Dernier volet de cette première série de mesures : les collectivités pourront créer une annexe spécifique dans les budgets locaux, afin d'y inscrire les dépenses liées à l'épidémie de covid-19. Par ailleurs, et pour "ne pas menacer [leur] équilibre budgétaire", les exécutifs locaux auront la possibilité de lisser dans le temps - sur trois ans, a précisé le Premier ministre - certaines dépenses de fonctionnement inscrites sur cette annexe, qui pourront être financées exceptionnellement par l'emprunt.

 

Ces premières mesures étaient attendues des collectivités locales. La plupart des associations d'élus estiment d'ailleurs qu'elles vont "dans le bon sens", bien qu'elles émettent quelques réserves (lire encadré ci-dessous). Elles ne permettront pas, malgré tout, de compenser l'intégralité des pertes de recettes, estimées sur 2020 à au moins 7,5Mds€, dont 3,2Mds pour le bloc communal, et 3,4Mds pour les départements.

 

Des inconnues persistent

 

A la suite de ces annonces, plusieurs associations d'élus locaux se sont dites globalement satisfaites, estimant que les mesures avancées par Edouard Philippe allaient "dans le bon sens". C'est notamment le cas de Villes de France, de l'Association des petites villes de France, ou encore de France urbaine qui "salue une initiative qui confirme l'écoute du Premier ministre vis-à-vis des préoccupations" des territoires. Ce qui ne les empêche pas malgré tout d'émettre encore quelques réserves.

 

La première : les modalités doivent encore être précisées, et les élus locaux attendent donc la présentation du PLFR3 le 10 juin et la tenue des débats parlementaires. De plus, il semble difficile pour les associations de se satisfaire pleinement de la base de calcul du mécanisme de compensation des recettes fiscales et domaniales. S'appuyer sur la moyenne des trois derniers exercices peut conduire à "réduire significativement l'impact de cette mesure", souligne ainsi Villes de France, qui s'interroge également sur sa durée de validité : "est-ce qu'[elle] sera toujours effective en 2021, au moment où l'impact sera le plus fort" pour les intercommunalités ?

 

L'APVF, elle, aurait préféré que les dépenses exceptionnelles liées à l'épidémie de covid-19 puissent être lissées sur 5 ans, plutôt que sur 3 ans.

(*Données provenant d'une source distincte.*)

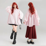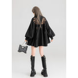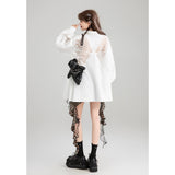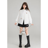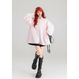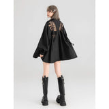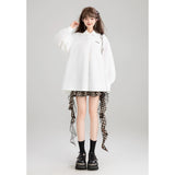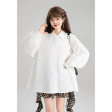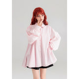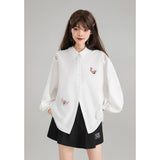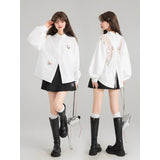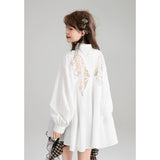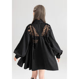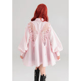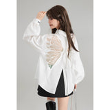 背中に蝶々の羽をイメージした透かし刺繍を施したブラウス。前から見るとシンプルなオーバーサイズシルエットのシャツ風で、ふんわりとした袖が特徴的。後ろ姿で大きく広がる羽のようなデザインが、幻想的かつロマンティックな雰囲気を漂わせています。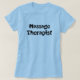 Söka efter massagedräkt eller massageterapeutskjortor? Denna skjorta har ord "massageterapeut" i en rolig stilsort, med händer som bildar delen av breven. Gör en underbar gåva för en massageterapeut. Bra för någon med massageterapiutbildning eller utbildning i terapimassage eller bodywork: Den thailändska massagen, shiatsuen, den kinesiska massagen, den orientaliska massagen, svenskmassagen, reflexologyen, brunnsortmassagen, den för födseln massagen, sportmassagen, fotmassagen, den head massagen, aromatherapymassagen, den medicinska massagen, avkopplingmassagen, den equine massagen, den hund- massagen, den djupa silkespappermassagen, baksidamassagen, nackemassage, förkroppsligar massage, och för licensierade massageterapeuter eller auktoriseradmassageterapeuter.

A noter également que les petites villes demandent le relèvement des plafonds des marchés publics, actuellement fixés à 40.000 euros, pour atteindre 100.000 euros.

 

Enfin, plusieurs associations soulignent l'absence de traitement de la question du versement mobilité, et demandent à ce qu'elle fasse l'objet d'un dispositif dédié. "Il faut avoir en tête que les pertes du versement mobilité se chiffrent aux alentours de 25%, et que la chute des recettes tarifaires peut atteindre 50%", a insisté François Rebsamen, président de Dijon métropole et représentant pour France urbaine.